◆ **REQUIRED WORK**
Reprint the lines below as they are, minus the pictures.

◆ **PROVIDED MATERIAL**

==================================================

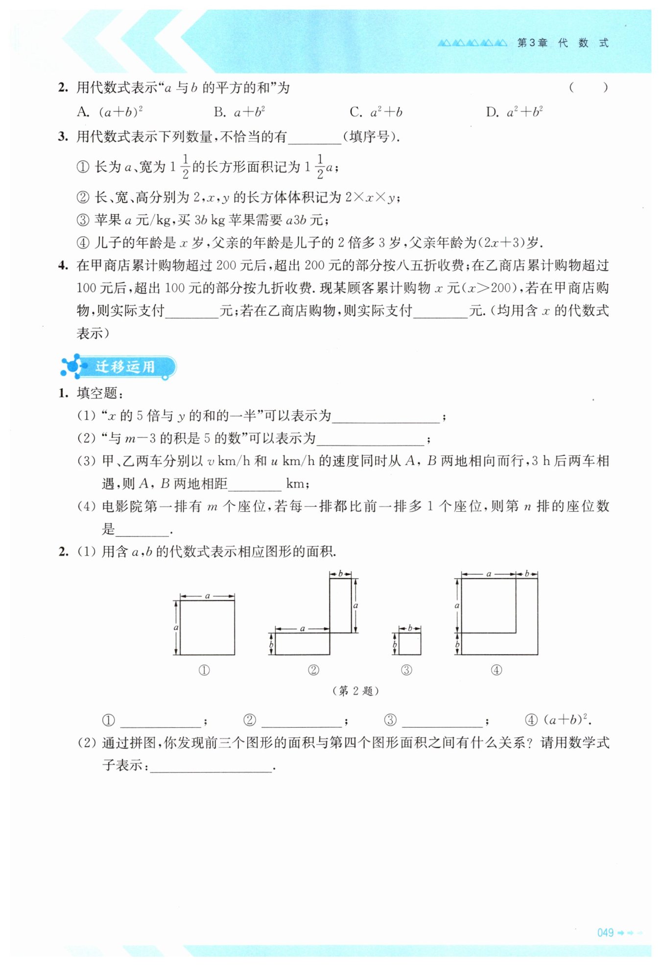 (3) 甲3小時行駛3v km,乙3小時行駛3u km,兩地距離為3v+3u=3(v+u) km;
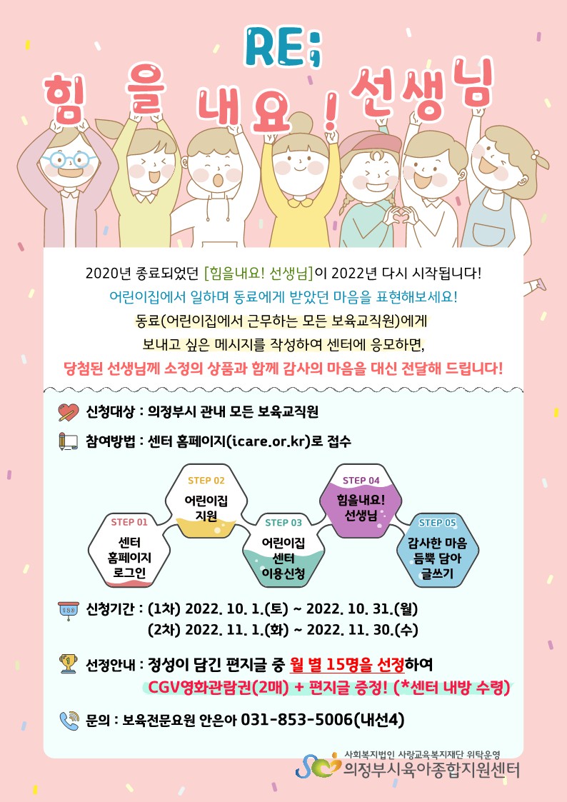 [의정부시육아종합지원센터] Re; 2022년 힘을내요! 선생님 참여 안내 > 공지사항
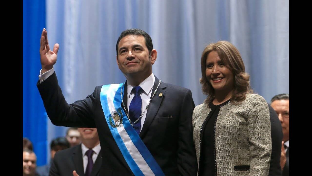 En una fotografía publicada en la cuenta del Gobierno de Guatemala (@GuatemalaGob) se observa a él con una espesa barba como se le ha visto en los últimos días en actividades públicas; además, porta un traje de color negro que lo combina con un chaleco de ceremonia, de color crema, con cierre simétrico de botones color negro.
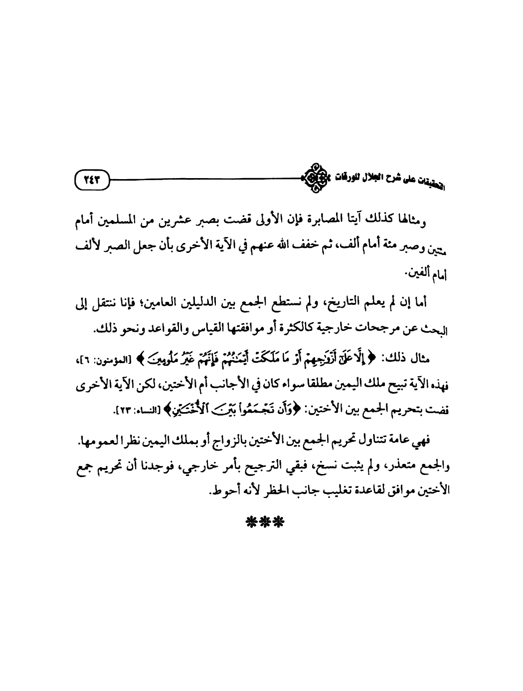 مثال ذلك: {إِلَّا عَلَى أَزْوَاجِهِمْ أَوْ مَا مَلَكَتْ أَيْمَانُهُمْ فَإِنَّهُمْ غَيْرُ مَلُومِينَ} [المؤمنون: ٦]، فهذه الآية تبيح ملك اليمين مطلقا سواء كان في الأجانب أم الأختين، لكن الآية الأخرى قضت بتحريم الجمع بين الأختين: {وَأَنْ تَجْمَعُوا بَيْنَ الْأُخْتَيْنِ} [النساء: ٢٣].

==================================================

◆ **ANSWER TO THIS TASK**
 (3) 甲3小時行駛3v km,乙3小時行駛3u km,兩地距離為3v+3u=3(v+u) km;
 [의정부시육아종합지원센터] Re; 2022년 힘을내요! 선생님 참여 안내 > 공지사항
 En una fotografía publicada en la cuenta del Gobierno de Guatemala (@GuatemalaGob) se observa a él con una espesa barba como se le ha visto en los últimos días en actividades públicas; además, porta un traje de color negro que lo combina con un chaleco de ceremonia, de color crema, con cierre simétrico de botones color negro.
 مثال ذلك: {إِلَّا عَلَى أَزْوَاجِهِمْ أَوْ مَا مَلَكَتْ أَيْمَانُهُمْ فَإِنَّهُمْ غَيْرُ مَلُومِينَ} [المؤمنون: ٦]، فهذه الآية تبيح ملك اليمين مطلقا سواء كان في الأجانب أم الأختين، لكن الآية الأخرى قضت بتحريم الجمع بين الأختين: {وَأَنْ تَجْمَعُوا بَيْنَ الْأُخْتَيْنِ} [النساء: ٢٣].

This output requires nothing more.